SPECIFICATION Device for sensing the presence of contents at a certain level in a container The invention relates to a device for sensing the presence or absence of contents, such as a liquid or powder, at a certain level, at which the device is fitted, in a container.

One such device comprises a probe in the form of a rod which projects through a seal from a socalled "dry" side of the device to the so-called "wet" side of the device where in use the probe rod extends into the container and is exposed to any contents in the container. When the probe rod is clear of the contents in the container, it is caused to vibrate at its natural frequency by an exciter on the dry side and a detector on the dry side detects the vibration of the probe rod. When the level of contents in the container rises to immerse the projecting end of the probe rod, the vibrations of the probe rod are damped and the detector responds accordingly.

A device of the kind described above has the advantage that it may be used as a failsafe high level sensor and in this respect is superior to many known ultrasonic sensors which require the presence of the container contents between a transmitter and a receiver to transmit an ultrasonic signal. However, a disadvantage of known devices of the kind described is that they operate within a very narrow band width and the natural frequency, and hence the amplitude of vibration, varies significantly as a result for example of changes in temperature or other operating parameters, and this can lead to unreliable output, in the absence of constant supervision.
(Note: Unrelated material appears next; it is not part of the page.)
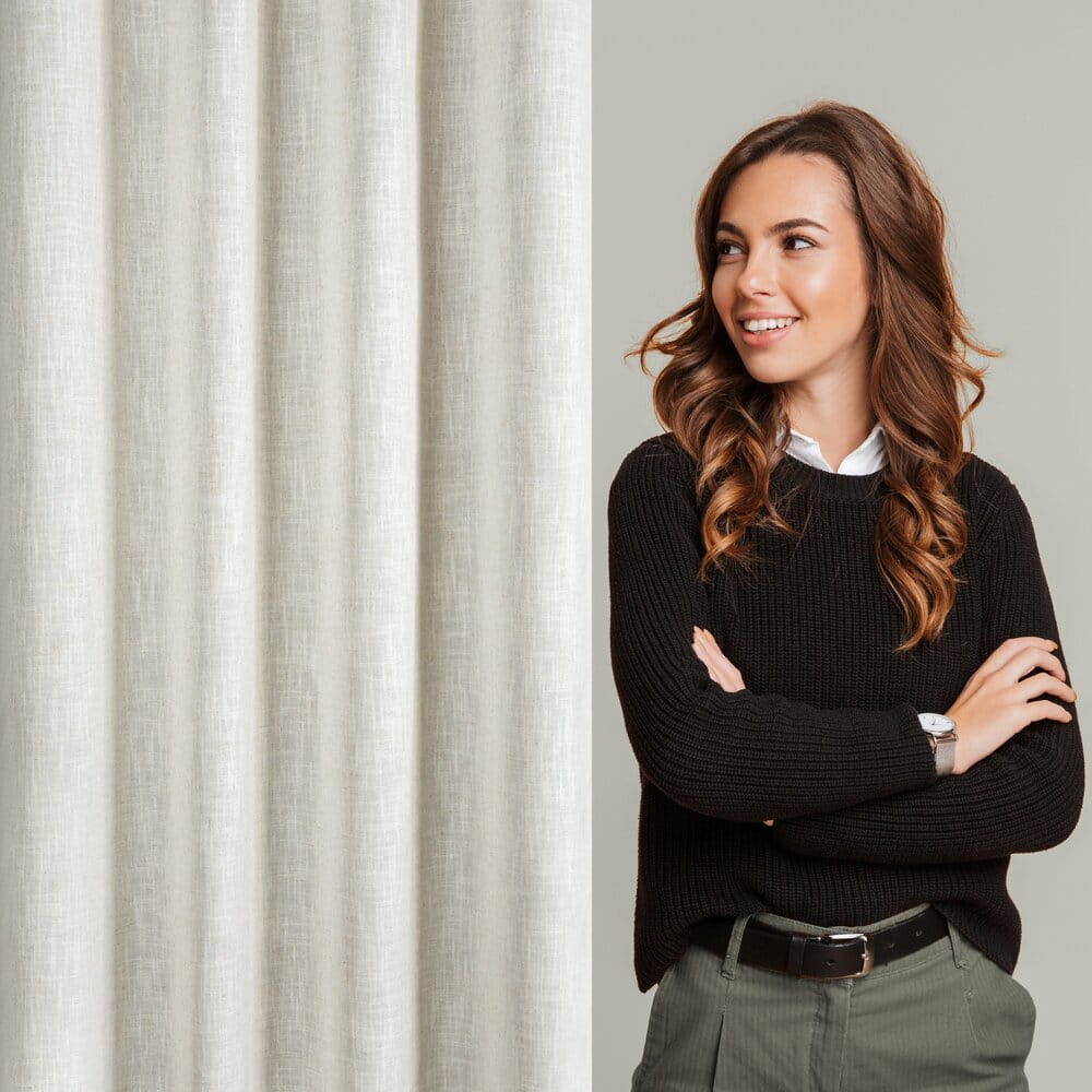Zasłona gotowa w stylu eko z domieszką lnu szerokość: 140 cm, długość: 250 cm, kolor: naturalny, Gramatura: 220 GSM, Skład: 4% len, 96% poliester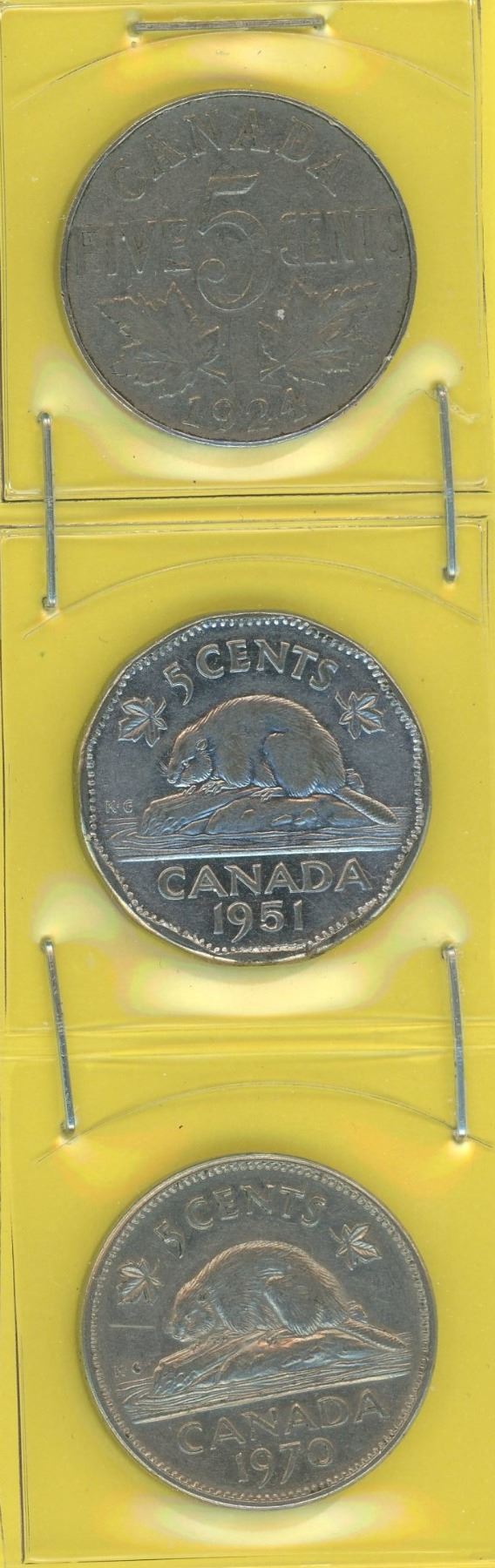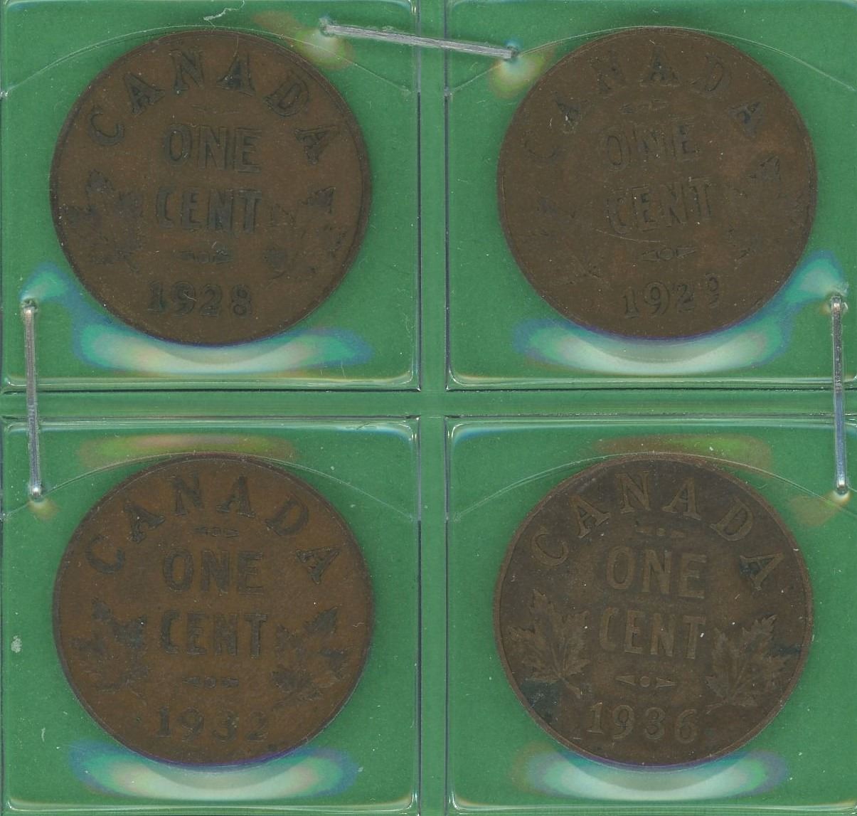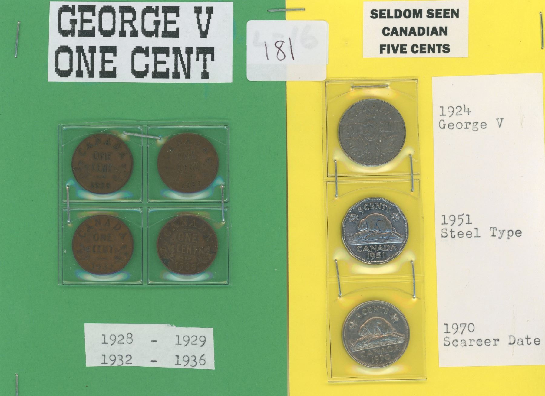 FOUR GEORGE V ONE CENT AND THREE SPECIAL CANADIAN FIVE CENTS

In accordance with the present invention"a device for sensing the presence or absence of contents, at a certain level, at which the device is fitted in a container comprises a probe in the form of a rod which projects through a seal from a "dry" side of the device to the "wet" side of the device, where, in use, the probe rod extends into the container and is exposed to any contents in the container; an exciter on the dry side for exciting a first rod which is mounted on the dry side and which is mechanically coupled to the probe rod to cause the probe rod to vibrate; and a detector on the dry side which detects the vibrations in a third rod which is mounted on the dry side and which is mechanically coupled to the probe rod, the arrangement being such that the first, probe, and third rods have slightly different natural frequencies which are successively greater or less than one another such that when vibration of the probe rod is undamped, in use, the three rods vibrate together but when the vibration of the probe rod is damped, in use, by contents in the container, the third rod is not forced to vibrate sufficiently by its coupling to the first rod with as great an amplitude, and means are provided for discriminating between the response of the detector to the amplitude of vibration of the third rod when the vibration of the probe rod is or is not damped by the contents and for providing a corresponding output signal.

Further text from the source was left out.